Surely, the above conditions are most ideally met by the Non-Environment rooms of the type being discussed here. In this type of room, the conditions for neutrality and room-to-room compatibility would seem to be considerably greater than for any other concept of control room currently on offer. The number of variables in Toole’s list in the previous paragraphs is significantly reduced.

1.  Off-axis anomalies play little part in the proceedings.

2.  Loudspeaker design is simplified.

3.  As most reputable monitors have reasonably flat on-axis responses, the perceived difference when mixing with different monitors should be less than is all too often currently the case.

4.  Reduced room decay time prevents the masking of low-level detail, an important factor in the ‘quality control’ process.

5.  Reduced room decay minimises confusing timbre colouration caused by the room.

6.  Reduced room reflexions enable precise stereo imaging, albeit over an area which is a function of room size and monitoring geometry.

7.  Reduced room reflexions allow the detection of unwanted phase anomalies which can result from the over use, or inappropriate use, of effects processors.

8.  Minimising room effects allow the various persons in the room to perceive the same musical balance between the instruments.

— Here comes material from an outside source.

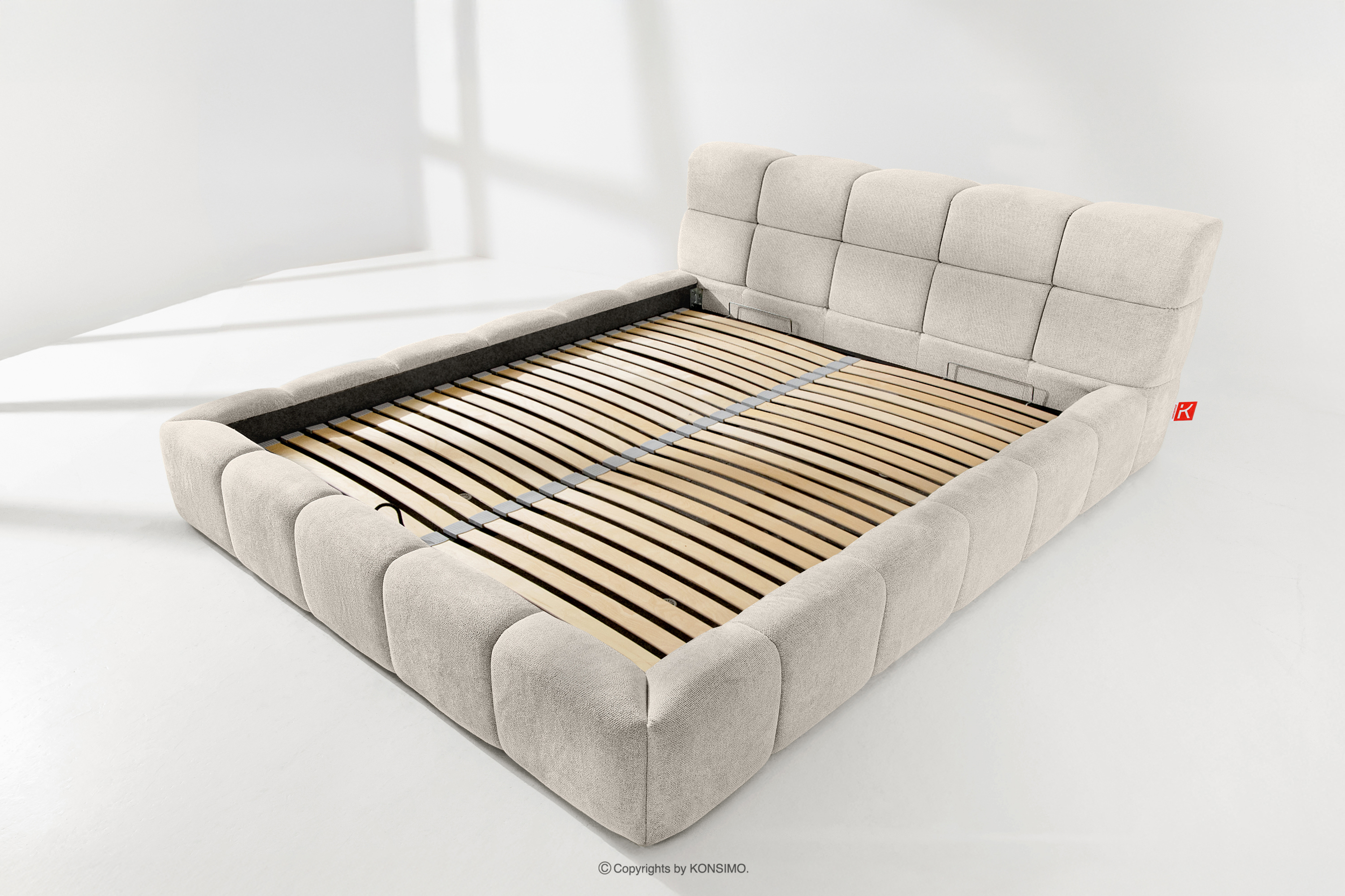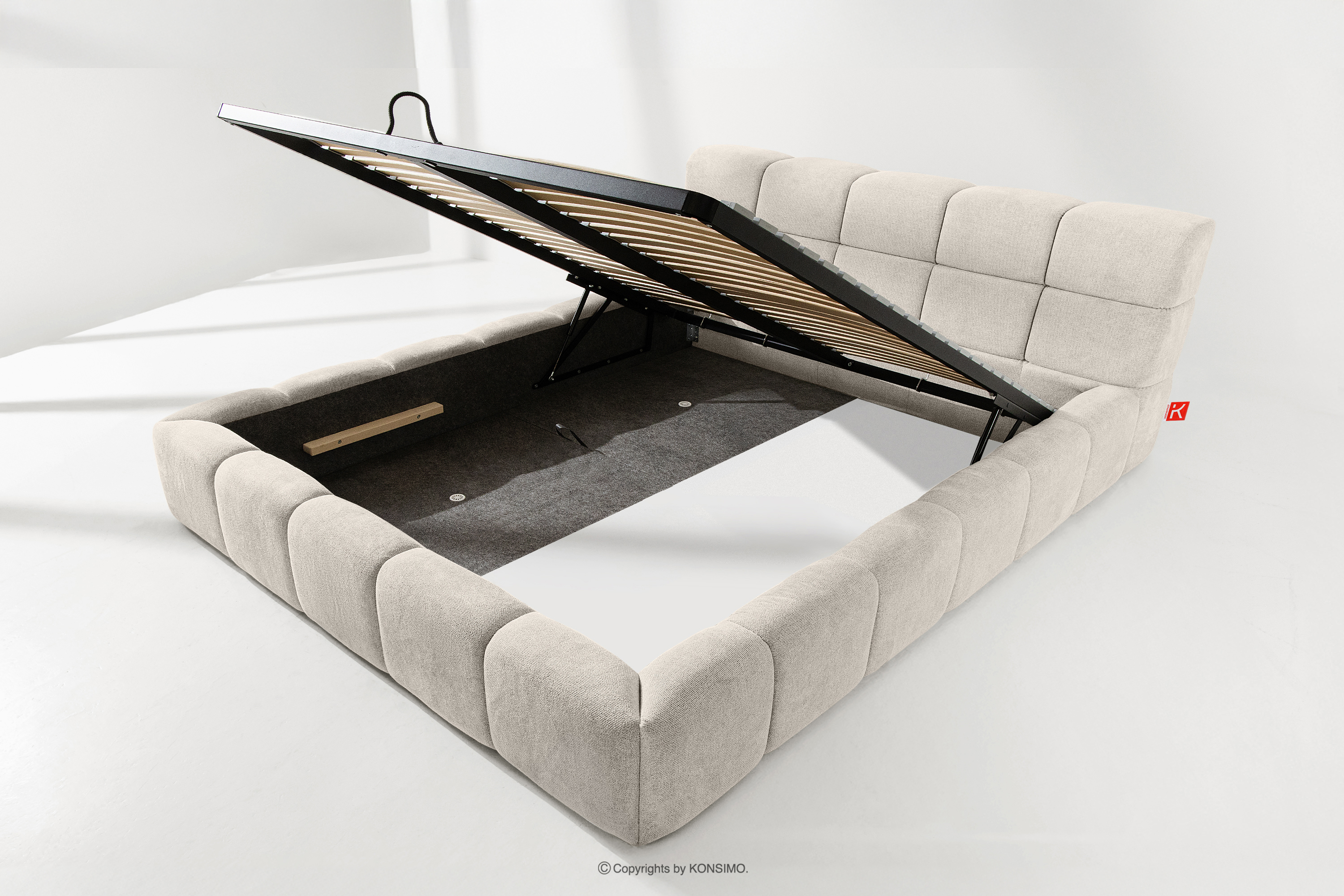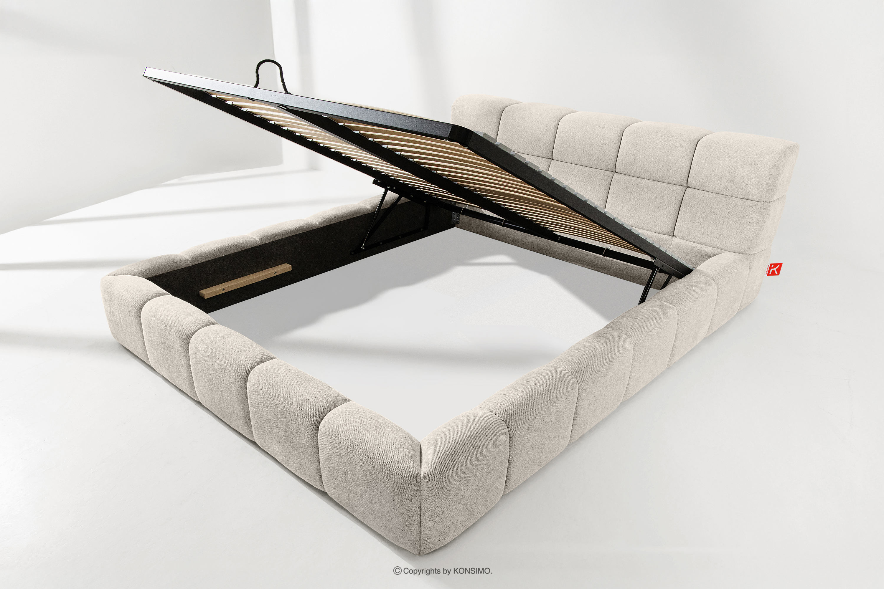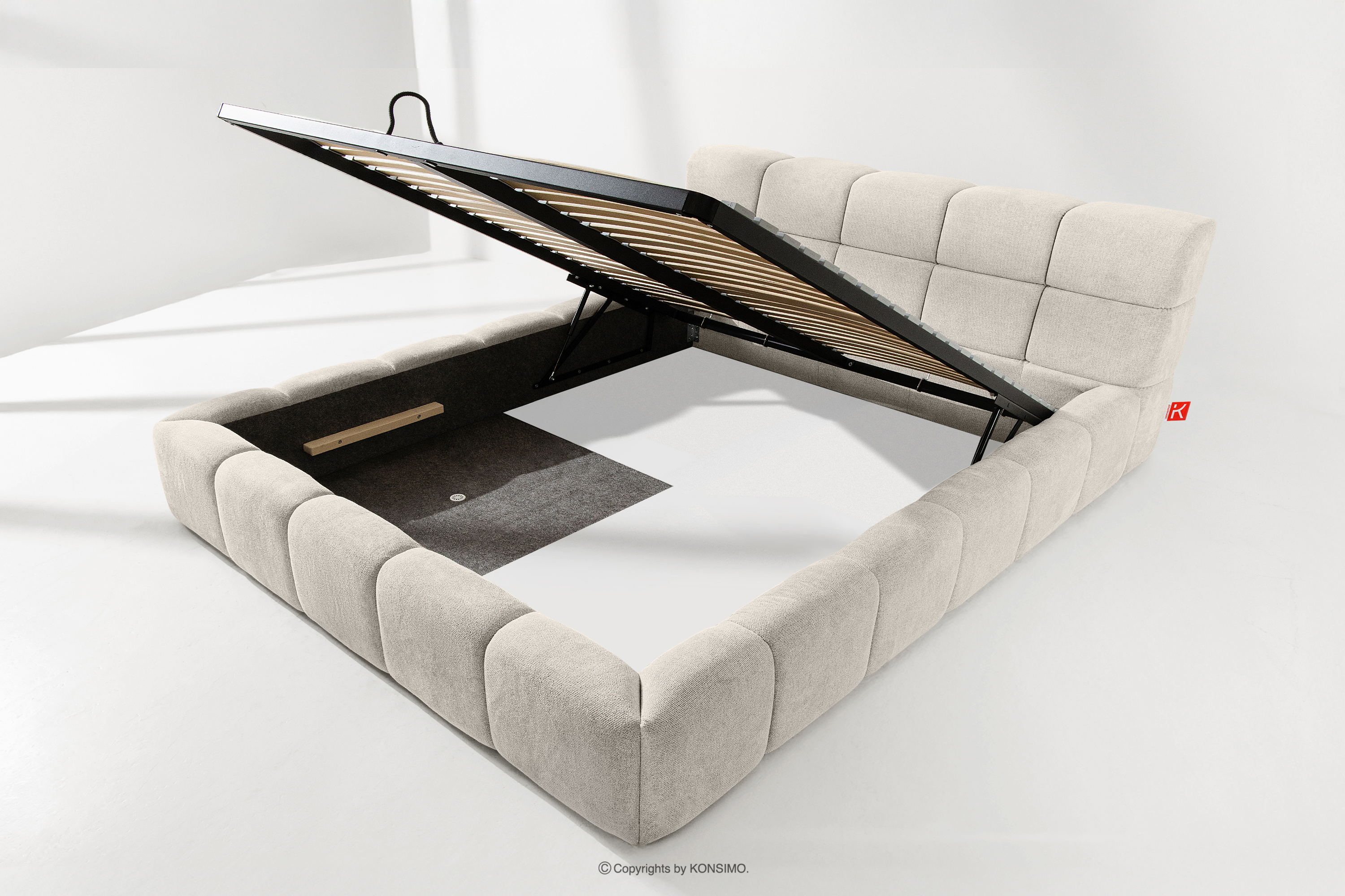 Der praktische Bettkasten, der durch Gasflaschen geöffnet wird, ist eine moderne Lösung, die den Zugriff auf die gelagerten Gegenstände ohne großen Aufwand ermöglicht. Dank der Funktionalität dieses Mechanismus lässt sich der Behälter sanft und leicht öffnen, was den Nutzungskomfort weiter erhöht.

9.  Reduced room effect allows the clearer perception of the ambience of the recording spaces or the use of artificial reverberation effects, and hence it is more easy to judge their appropriateness, or otherwise, to the recording.

10.  Reduced room effect gives a greater possibility of working in other rooms of similar nature on a single recording project, even if the rooms are physically quite different, with a minimum of acclimatisation to the new location.

If the greatest price that must be paid for these advantages is a more restricted stable stereo imaging area in the smaller rooms, then it would seem to be a small price. When a mix is being built up, the desired timbre of an instrument can sometimes need to be changed in order to avoid masking by other instruments as they are introduced. Similarly, the optimum balance between the individual instruments can change. Just about the only thing that is usually static during the build up of a mix is the position of the instruments in the stereo panorama. Even in the smallest rooms where the stereo imaging will be true over perhaps only the space of one seat, then that seat will almost certainly always be available for occasional reference. Nothing about the imaging will suddenly change due to the dynamics of the mixing process.

In very small rooms, however, one should also consider the fact that the monitoring loudspeakers are often forced into positions where they cannot possibly subtend an angle of 60°, or less, at the monitoring position. This in itself will degrade the stereo imaging stability, irrespective of the type of room in which they are being used. Nevertheless, to subtend an angle of less than 60° in a small room would be likely to put any mixing personnel, other than the person on the centre line, outside of the loudspeaker pair, i.e. to the left of the left loudspeaker, for example. This situation would be less desirable, overall, than the less stable imaging produced by the greater subtended angle created by the wider spacing of the loudspeakers. Any comparisons of the stereo imaging in rooms of different design concepts should always take into account any differences in subtended loudspeaker angles, or the comparisons would be irrelevant.

Obviously, for the studios involved in the production of radio dramas or the like, where much more movement of the sound images is likely, the order of monitoring priorities may be somewhat different. In those cases, the greater use of dynamic panning, plus the possibility of having more people involved in the mixing process, may lead to a requirement for a large listening area over which the stereo sound stage was more stable. Perhaps this would take priority over the need for more absolute knowledge of the timbre of the sounds, however, the title of the paper on which this chapter is based did state ‘… for Stereophonic Music Recording Studios’.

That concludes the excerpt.